Soaring demand for online retail deliveries amid the coronavirus crisis has helped cardboard box maker DS Smith notch up a surge in e-commerce revenues.
The group said it saw “double-digit” growth in Northern European e-commerce sales by volume over its year to April 30, which included more than a month of lockdown.
It said the pandemic will help drive further demand for packaging as more people work from home, accelerating the shift towards online shopping.
But shares fell 8% as it said overall box sales were knocked by falling demand in the industrial sector during April and May as it was disrupted by the pandemic.
Industrial sales, which were already down by single digits due to wider economic pressures, plummeted around 25% in April followed by similar drops in May and June.
The car and electronics sectors were hardest hit – down around 50% and 25% respectively in April.
DS Smith said it saw a hit to full-year earnings of around £15 million as the crisis weighed on industrial customers and due to rising costs in the final two months of its full year.
Results showed a 5% rise in pre-tax profits to £368 million for the year to April 30, while revenues dipped 2% to £6 billion.
Underlying earnings rose 4% to £660 million.
The group sees fast-moving consumer goods and e-commerce – which account for around 83% of box sales by volume – offering the biggest boost in future, while the push towards sustainable packaging is also driving sales of its corrugated packaging.
Miles Roberts, group chief executive of DS Smith, said: “In the medium term, the growth drivers of e-commerce and sustainability are as strong as ever.
“The Covid-19 crisis is also expected to accelerate a number of the structural drivers for corrugated packaging, and our scale and innovation-led customer offering positions us well and gives us confidence for the future.”

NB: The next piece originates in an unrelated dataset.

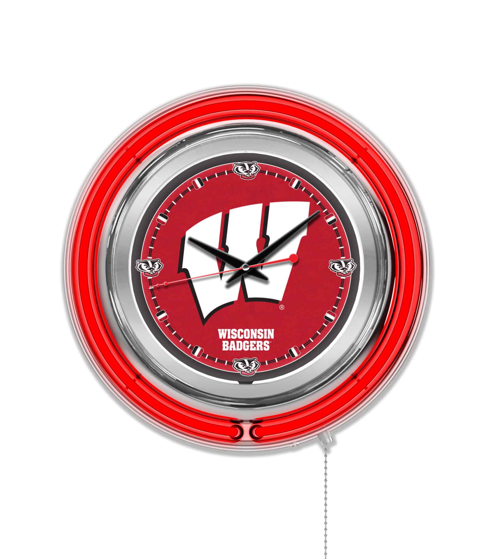 The University of Wisconsin (W) 15-Inch Neon Logo Clock in Chrome is the ultimate addition to your man cave, showcasing your school pride with style. This clock features a stunning chrome casing and vibrant neon accents that illuminate the custom printed clock face. The brilliant white inner neon ring provides excellent visibility while the outer neon ring complements your team colors. With a convenient pull chain for easy on/off operation, this clock is powered by a UL Listed transformer for standard outlets and runs on a single AA battery (not included) for accurate timekeeping. Ideal as a gift for graduates, sports fans, or for personal enjoyment, this clock is a statement piece made with quality craftsmanship.

Sophie Lund-Yates, equity Analyst at Hargreaves Lansdown, said: “The packaging giant has significant exposure to fast-moving consumer goods companies, and is an integral part of the machine that keeps goods on our supermarket shelves.
“That means it’s been offered a level of protection in the current downturn, because a certain amount of demand will show up come rain or shine.
“Added to that is an increase in online shopping, which hasn’t just acted as a boost now but is a long-term growth lever for the group.”